Key Analyses Performed

The project covers various types of analysis:

  • Trend Analysis: Analyzing sales trends over time.
  • Customer Segmentation: Using RFM (Recency, Frequency, Monetary) analysis to segment customers.
  • Customer Churn Analysis: Identifying customers who are likely to stop buying from the retailer.

🌟 Key Features & Methodologies

1. Data Acquisition & Loading

  • Sourced a dataset of approximately 500,000 sales transactions from a UK online retailer, including details such as Invoice Number, Stock Code, Description, Quantity, Invoice Date, Unit Price, and Customer ID.

  • Loaded the data into a Pandas DataFrame with explicit type specifications for optimization.

# Downloading and unzipping the dataset
!wget https://archive.ics.uci.edu/ml/machine-learning-databases/00352/Online%20Retail.xlsx
!unzip Online\ Retail.xlsx.zip

# Importing libraries
import pandas as pd
import matplotlib.pyplot as plt

# Loading the Excel file into a DataFrame with explicit dtypes
df1 = pd.read_excel('Online Retail.xlsx',dtype={'InvoiceNo':'string','StockCode':'string','Description':'string','Country':'string'})
df1.head(3)
print(df1.shape)
df1.info()

2. Robust Data Cleaning & Preprocessing

  • Missing Value Imputation: Replaced missing Description values by finding the most frequent description per StockCode and using it for imputation.
# Identifying missing descriptions
df1[df1['Description'].isnull()].head()

# Getting most frequent description per StockCode using value_counts()
most_freq=df1[['StockCode','Description']].value_counts().reset_index()
most_freq

# Merging with original DataFrame using .merge()
most_freq.columns=['StockCode','freq_Description','Count']
df2=df1.merge(most_freq,on='StockCode',how='left')
df2.head(3)

# Replacing  Description with FrequentDescription to get rid of the missing descriotions

df2['Description']=df2['freq_Description']
df2.isnull().sum()

# Dropping helper columns from the main dataframe using dropna()
df2.drop(columns=['freq_Description','Count'],inplace=True)
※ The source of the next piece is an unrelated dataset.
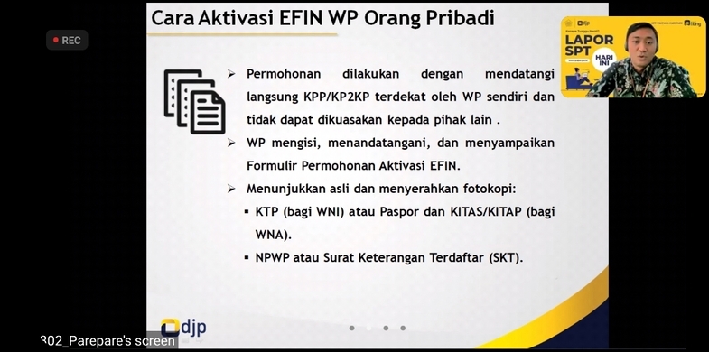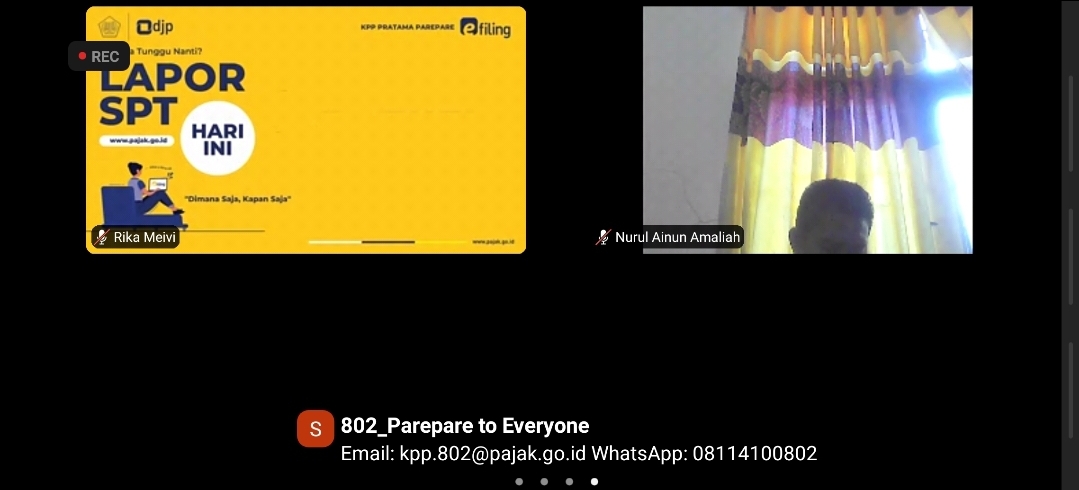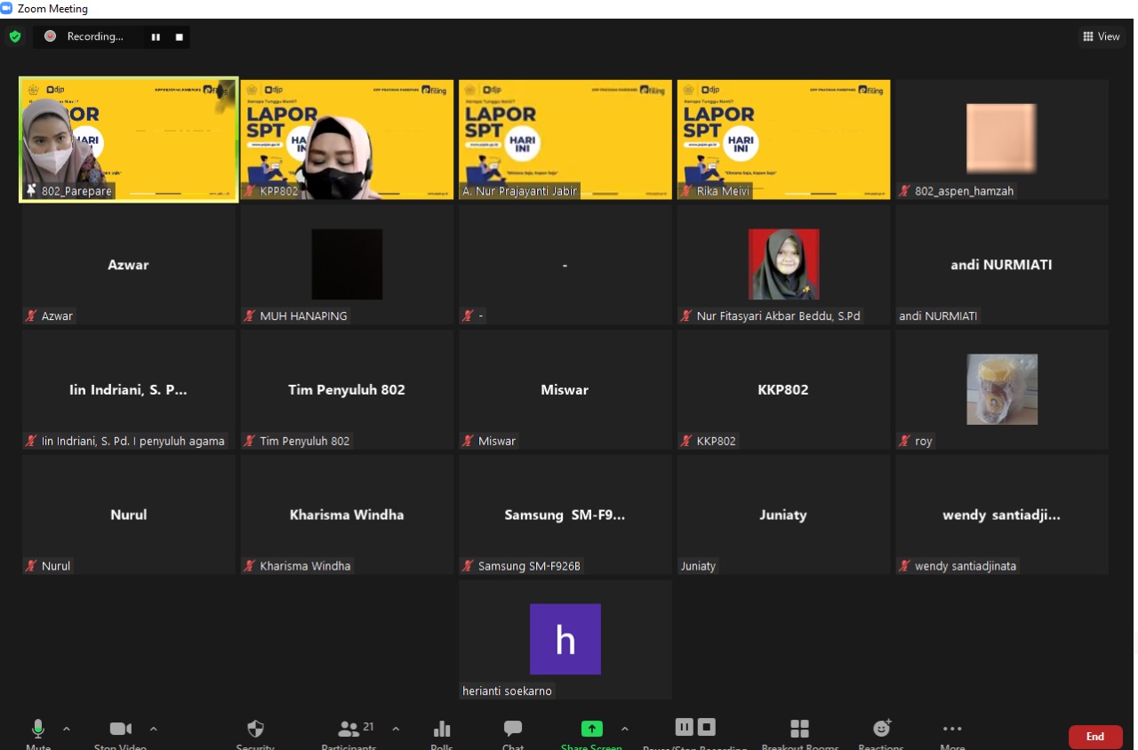 Kantor Pelayanan Pajak (KPP) Pratama Parepare menggelar Kelas Pajak Penyampaian SPT e-Filing Orang Pribadi secara daring melalui zoom meeting dari KPP Pratama Parepare (Selasa, 29/03). Kelas Pajak ini digelar sehubungan dengan sudah mendekati batas akhir penyampaian SPT Tahunan PPh Orang Pribadi yang jatuh pada 31 Maret 2022.

# Dropping rows with any remaining null descriptions
df2.dropna(subset=['Description'], inplace=True)
df2.isnull().sum()
  • Handling Invalid Values: Removed records with negative Quantity or Unit Price values, identified as errors.
# Removing negative or zero quantities & prices
df3=df2[(df2['Quantity']>0) & (df2['UnitPrice']>0)]
df3.describe()
  • Outlier Consideration: Examined extreme Quantity values and retained them based on business context (e.g., wholesale orders).
# Checking 99th percentile for Quantity
df3.Quantity.quantile(.9999)

3. Feature Engineering for Enhanced Analysis

  • Created a new TotalSales column by multiplying Quantity and UnitPrice.
df4 = df3.copy()
df4['Total Sales']=df4['Quantity']*df4['UnitPrice']
  • Extracted the Month from InvoiceDate for time-based trend analysis.
# Derived the number of month for ''Month' column from invoice date applying Pandas Date time accessor .dt.month on it.
df4['Month']=df4['InvoiceDate'].dt.month
df4.sample(3)

4. Exploratory Data Analysis (EDA) & Visualization

  • Monthly Sales Trend Analysis: Grouped sales by month and plotted trends.
# Calculating monthly sales using groupby() function
monthly_sales=df4.groupby('Month')['Total Sales'].sum()
monthly_sales

# Plotting  line chart using plot() function
monthly_sales.plot(kind='line',title='Monthly total Sales Trend',marker='o',grid=True)
plt.xlabel('Month')
plt.ylabel('Total Sales')
plt.show()
  • Geographical Sales Distribution: Analyzed top countries by total sales and their percentage contributions.
#Using groupby() countries & then using sort_values() function to get the top 5 country
top_5_country=df4.groupby('Country')['Total Sales'].sum().sort_values(ascending=False).head(5)
top_5_country

# Calculating percentage contribution of each country to total sales
country_sales=df4.groupby('Country')['Total Sales'].sum()
total_sales=country_sales.sum()
top_5_country=df4.groupby('Country')['Total Sales'].sum().sort_values(ascending=False).head(5)
percentage=(top_5_country/total_sales)*100

# Plotting bar chart to show percentage contribution to total sales by Country
plt.figure(figsize=(10,6))
plt.barh(percentage.index,percentage.values)
plt.xlabel('Percentage of Total Sales')
plt.ylabel('Country')
plt.title('Top 5 Countries by Percentage Contribution to Total Sales')
plt.show()
  • Product Performance Analysis: Identified top-selling products by StockCode and Description.
#Finding out Top 5 products based on total sales grouping by 'StockCode' & then using sort_values() function to get the top 5 country
product_wisesales=df4.groupby('StockCode')['Total Sales'].sum()
top_5_products=df4.groupby('StockCode')['Total Sales'].sum().sort_values(ascending=False).head(5)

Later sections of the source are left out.